Bug 60182

Summary: SSLStaplingFakeTryLater Deviates From Documented Behavior of Only Being Effective When SSLStaplingReturnResponderErrors is On
Product: Apache httpd-2 Reporter: Andrew Pietila <a.pietila>
Component: mod_sslAssignee: Apache HTTPD Bugs Mailing List <bugs>
Status: NEW ---    
Severity: normal CC: toscano.luca, vincent-apache
Priority: P2 Keywords: FixedInTrunk, PatchAvailable
Version: 2.4.41   
Target Milestone: ---   
Hardware: PC   
OS: Linux   

Description Andrew Pietila 2016-09-28 01:21:44 UTC
In modules/ssl/ssl_util_stapling.c, the following code is used to determine whether to throw an OCSP TryLater failure:

    *prsp = modssl_dispatch_ocsp_request(&uri, mctx->stapling_responder_timeout,
                                         req, conn, vpool);


    if (!*prsp) {
        ap_log_error(APLOG_MARK, APLOG_ERR, 0, s, APLOGNO(01941)
                     "stapling_renew_response: responder error");
        if (mctx->stapling_fake_trylater) {
            *prsp = OCSP_response_create(OCSP_RESPONSE_STATUS_TRYLATER, NULL);
        else {
            goto done;

The mctx->stapling_fake_trylater corresponds with configuration option SSLStaplingFakeTryLater. Per < https://httpd.apache.org/docs/trunk/mod/mod_ssl.html#sslstaplingfaketrylater >:

Only effective if SSLStaplingReturnResponderErrors is also enabled.
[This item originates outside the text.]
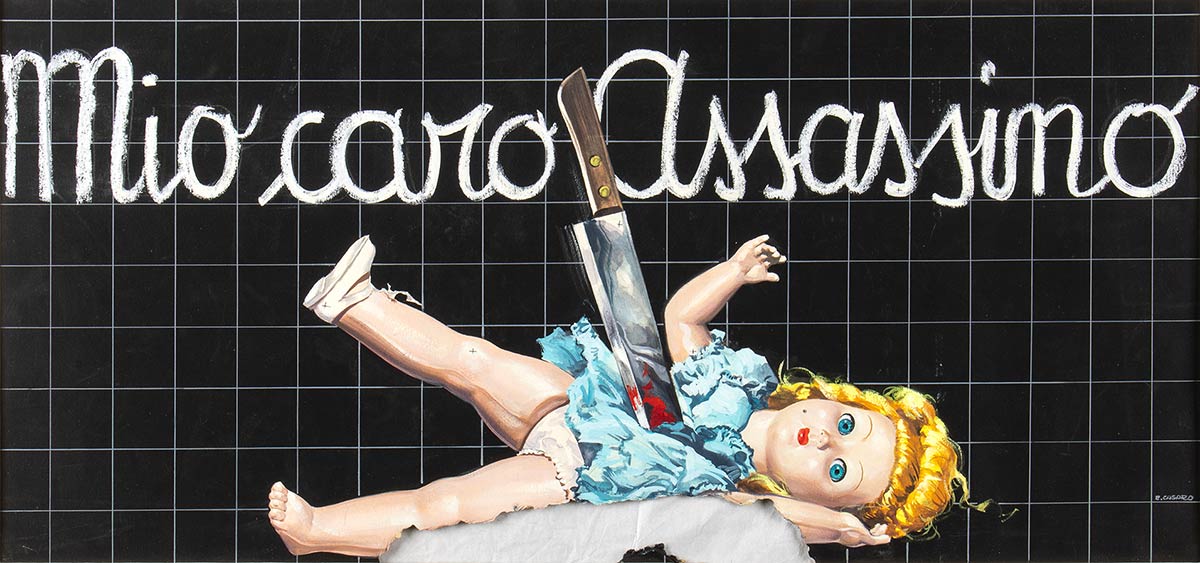 Bozzetto originale, dipinto, firmato Casaro sulla destra, per il film MIO CARO ASSASSINO thriller/horror (alla Dario Argento) del 1972. Olio su cartoncino, collage per le didascalie. Film per la regia di Tonino Valerii, attori George Hilton, Salvo Randone, William Berger, Marilù Tolo, musiche di Ennio Morricone.

However, the configuration variable SSLStaplingReturnResponderErrors is not referenced in the above code. As a result, the fake TryLater is sent if SSLStaplingFakeTryLater is either enabled or non-existant in the configuration file, regardless of presence or absence of SSLStaplingReturnResponderErrors. This causes connectivity issues with Firefox when, say, DNS for the OCSP responder fails.
Comment 1 gmoniker 2020-02-23 10:54:51 UTC
This behaviour in Apache 2.4 is still ongoing in trunk and it is making it very difficult for server operators. 
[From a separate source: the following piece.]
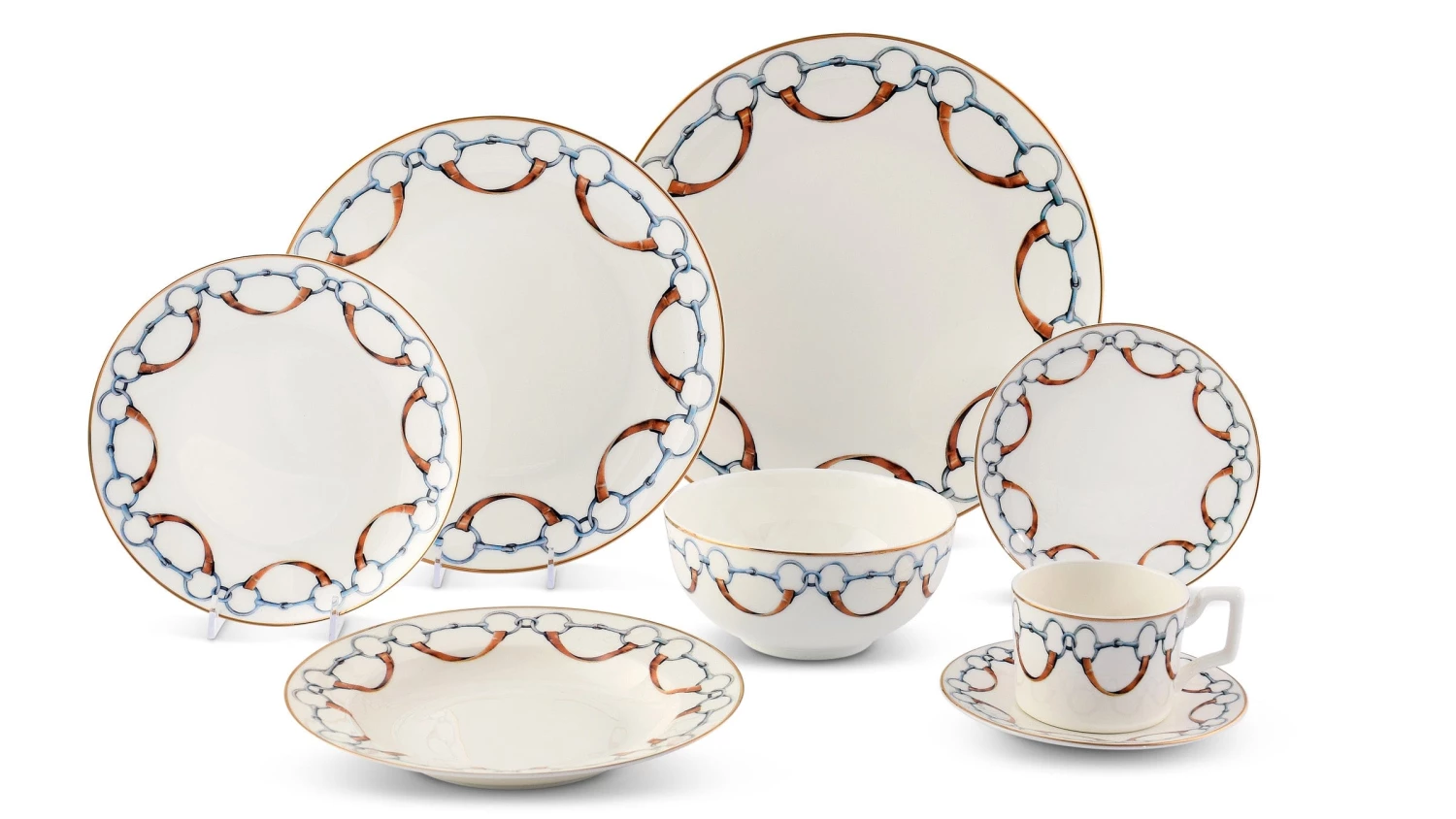 The Wellington Bit collection is a sleek twist on the iconic equestrian snaffle bit theme, taking it a step further into a striking Bone China dinnerware collection of polished sophistication. Whether tail-gaiting at the polo field or setting an elegant table for a formal dinner party, Vagabond House presents a statement of classic high style and is sure to garner attention and admiration. Fine Bone China was designed and hand-drawn by Vagabond House’s master artist Leesa Greenlee. Shiny Gold rimmed add a formal class and style

On the one hand authorities like the Dutch NCSC and privacy focused customers are demanding that OCSP stapling should be enabled, and at the other hand you have a bug in the Apache code that makes it nearly impossible to have stapling enabled while an OCSP responder is unreachable with no immediate connection refusal. The OCSP responders and the browser clients are completely outside the operators control.

Setting FakeTryLater or leaving it on default would really help in this case, because the ResponderTimeOut is only experienced on one TLS connection setup by a client and then the TryLater is cached.

However this is not possible for two reasons:

1. The TryLater if it is made by Apache 2.4 is not marked as an unsuccesful response, so it is cached for the duration of the succesful OCSP response caching time out, which you would want to be long. So, this will mean that even a short unreachability of the OCSP responder, causes a long unavailability of the OCSP staple. Setting FakeTryLater to off, is not a real option either because then each new TLS connection from a browser will again have to suffer the ResponderTimeOut until the server can finally reach the OCSP responder, leading to a potentially huge increase in memory usage and slow website loading.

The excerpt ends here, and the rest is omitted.